WORK REQUEST ::
Print the records below exactly as they appear. Omit all pictures.

DATASET EXCERPTS ::

━━━━━━━━

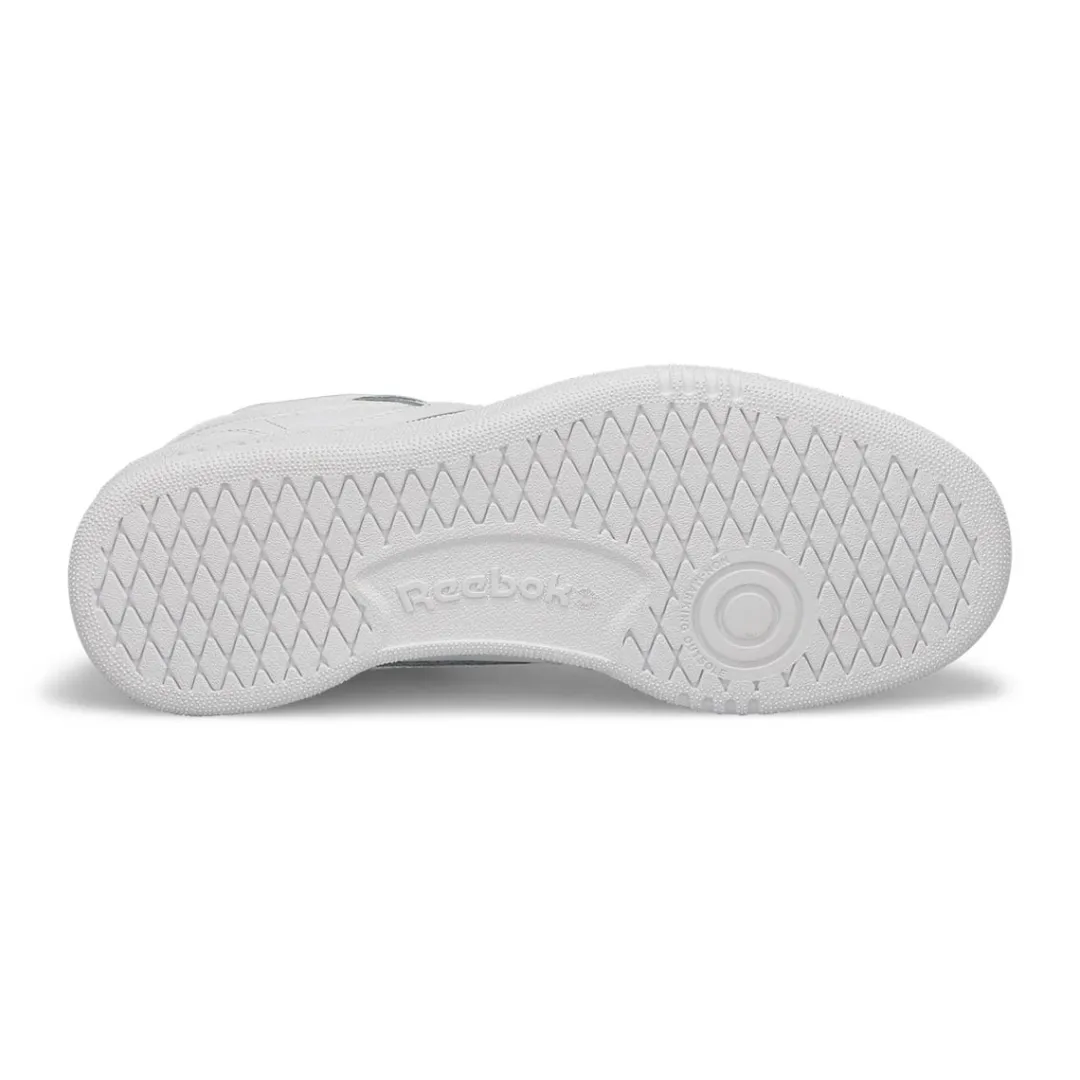 Clean, minimalist design. The Club C white tennis-inspired shoes from Reebok keeps your look sleek and simple. A Reebok logo window with a Union Jack gives them old-school style. The upper is made of soft, flexible leather. High-abrasion-resistant rubber outsole adds durable responsiveness. There’s nothing quite like a fresh white sneaker!
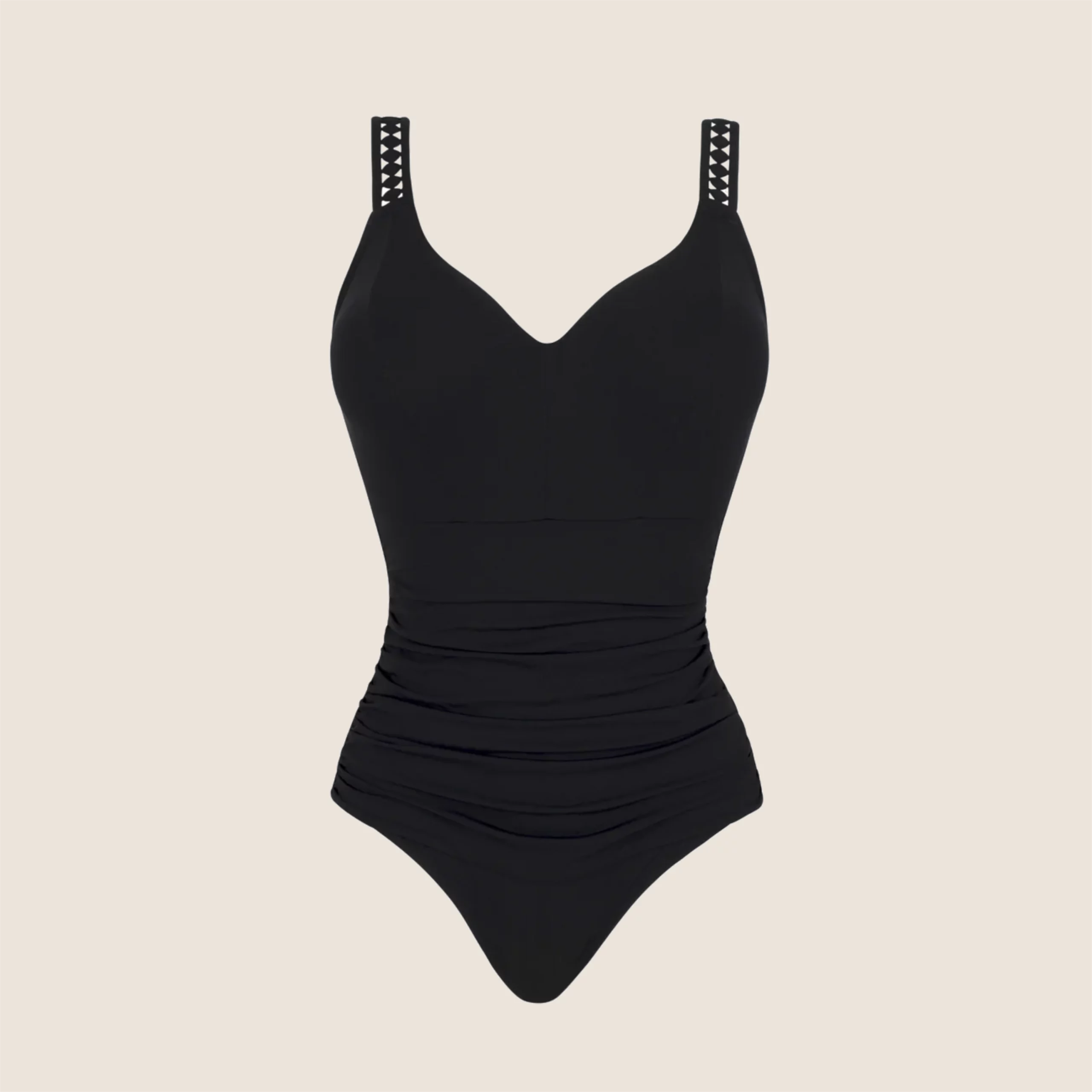 Baddräkten är designad med fokus på kontroll och elegans. Den inbyggda formande funktionen ger ett slätare intryck över mage och midja, medan den genomtänkta skärningen framhäver kroppen på ett naturligt och balanserat sätt. Resultatet är en baddräkt som sitter tryggt, känns bekväm hela dagen och ger ett självsäkert uttryck.
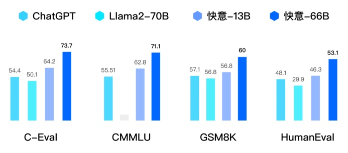 今年下半年以来,快手加快AIGC的布局。8月,快手宣布内测自研大语言模型“快意”(KwaiYii),打造“全模态大模型AIGC解决方案”。基于自研的基座大模型,为用户提供包括文本生成、图像生成、3D素材生成、音频生成、视频生成等在内的多种技术能力。其中,KwaiYii-13B在多个 Benchmark 上都处于领先水平,证明了其在自然语言处理任务中的出色性能。
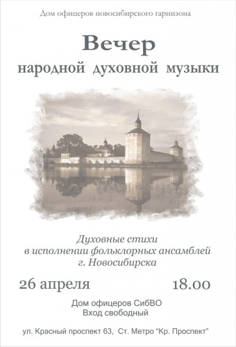 26 апреля вечер Народной духовной музыки26 апреля в Доме офицеров Новосибирского гарнизона прозвучат духовные стихи в исполнении фольклорных ансамблей г. Новосибирска. Вечер
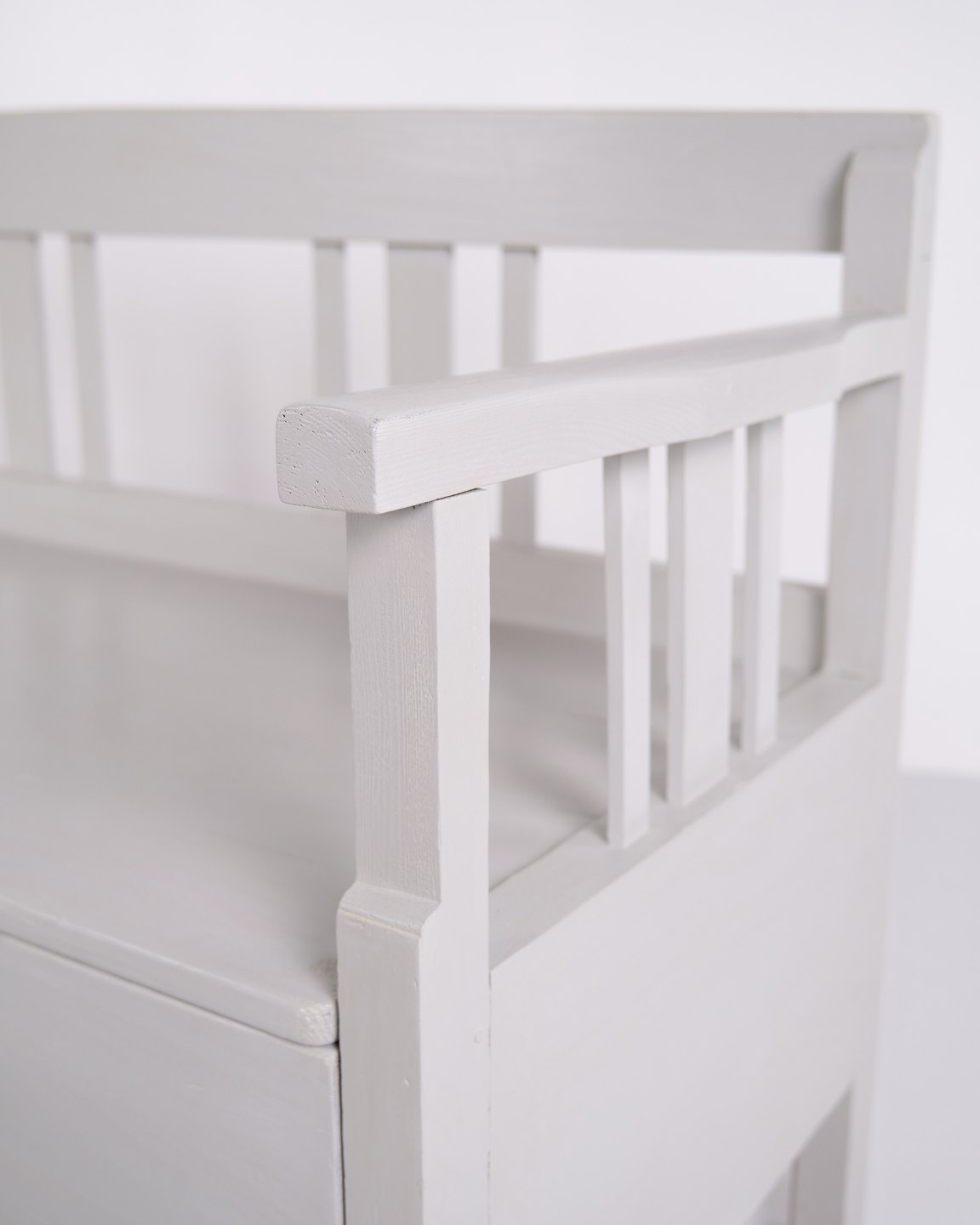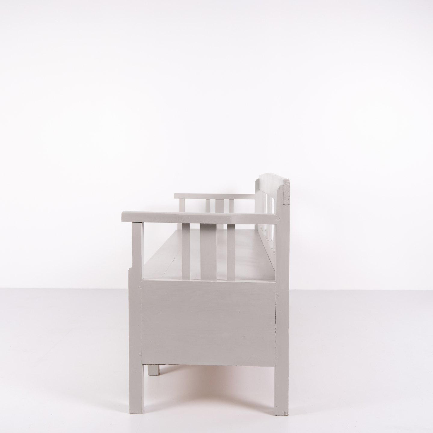 Antique Storage Bench – Grey Painted – Pine Wood – 1860s
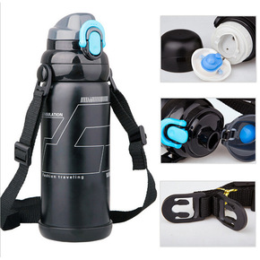 不锈钢双盖保温杯大容量户外运动水壶背带便携车载水杯...
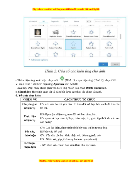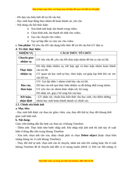 - Học sinh biết được các thao tác gồm: chèn, xóa, thay đổi thứ tự, thay đổi khung thời gian xuất hiện ảnh. b. Nội dung:
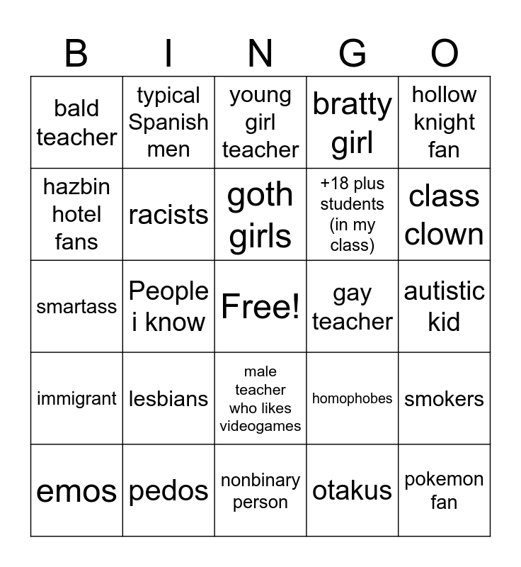 This bingo card has a free space and 24 words: emos, lesbians, goth girls, otakus, hollow knight fan, bald teacher, typical Spanish men, young girl teacher, gay teacher, autistic kid, smartass, racists, homophobes, smokers, hazbin hotel fans, pedos, nonbinary person, bratty girl, class clown, immigrant, People i know, male teacher who likes videogames, +18 plus students (in my class) and pokemon fan.
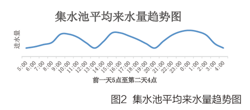 二十四小時(shí)平均進(jìn)水量趨勢(shì)圖如圖2所示,從圖可以看出,在早上7點(diǎn)左右進(jìn)水量逐漸增大,當(dāng)?shù)竭_(dá)十一點(diǎn)左右到達(dá)第一次峰值。這是由于人們?cè)缟嫌盟吭龃螅ǔG闆r下早上七點(diǎn)左右為用水高峰,而通過(guò)管網(wǎng)的延時(shí),導(dǎo)致進(jìn)水量在十點(diǎn)左右到達(dá)高峰。同樣的十三點(diǎn)和第二天零點(diǎn)分別是兩次進(jìn)水高峰。第三次高峰段的延長(zhǎng)是由于這段時(shí)間人們生活所致,例如晚飯時(shí)間用水及洗澡時(shí)間的用水等造成水量的持續(xù)高峰。

━━━━━━━━

RESPONSE FOR THIS EXERCISE ::
 Clean, minimalist design. The Club C white tennis-inspired shoes from Reebok keeps your look sleek and simple. A Reebok logo window with a Union Jack gives them old-school style. The upper is made of soft, flexible leather. High-abrasion-resistant rubber outsole adds durable responsiveness. There’s nothing quite like a fresh white sneaker!
 Baddräkten är designad med fokus på kontroll och elegans. Den inbyggda formande funktionen ger ett slätare intryck över mage och midja, medan den genomtänkta skärningen framhäver kroppen på ett naturligt och balanserat sätt. Resultatet är en baddräkt som sitter tryggt, känns bekväm hela dagen och ger ett självsäkert uttryck.
 今年下半年以来,快手加快AIGC的布局。8月,快手宣布内测自研大语言模型“快意”(KwaiYii),打造“全模态大模型AIGC解决方案”。基于自研的基座大模型,为用户提供包括文本生成、图像生成、3D素材生成、音频生成、视频生成等在内的多种技术能力。其中,KwaiYii-13B在多个 Benchmark 上都处于领先水平,证明了其在自然语言处理任务中的出色性能。
 26 апреля вечер Народной духовной музыки26 апреля в Доме офицеров Новосибирского гарнизона прозвучат духовные стихи в исполнении фольклорных ансамблей г. Новосибирска. Вечер
 Antique Storage Bench – Grey Painted – Pine Wood – 1860s
 不锈钢双盖保温杯大容量户外运动水壶背带便携车载水杯...
 - Học sinh biết được các thao tác gồm: chèn, xóa, thay đổi thứ tự, thay đổi khung thời gian xuất hiện ảnh. b. Nội dung:
 This bingo card has a free space and 24 words: emos, lesbians, goth girls, otakus, hollow knight fan, bald teacher, typical Spanish men, young girl teacher, gay teacher, autistic kid, smartass, racists, homophobes, smokers, hazbin hotel fans, pedos, nonbinary person, bratty girl, class clown, immigrant, People i know, male teacher who likes videogames, +18 plus students (in my class) and pokemon fan.
 二十四小時(shí)平均進(jìn)水量趨勢(shì)圖如圖2所示,從圖可以看出,在早上7點(diǎn)左右進(jìn)水量逐漸增大,當(dāng)?shù)竭_(dá)十一點(diǎn)左右到達(dá)第一次峰值。這是由于人們?cè)缟嫌盟吭龃螅ǔG闆r下早上七點(diǎn)左右為用水高峰,而通過(guò)管網(wǎng)的延時(shí),導(dǎo)致進(jìn)水量在十點(diǎn)左右到達(dá)高峰。同樣的十三點(diǎn)和第二天零點(diǎn)分別是兩次進(jìn)水高峰。第三次高峰段的延長(zhǎng)是由于這段時(shí)間人們生活所致,例如晚飯時(shí)間用水及洗澡時(shí)間的用水等造成水量的持續(xù)高峰。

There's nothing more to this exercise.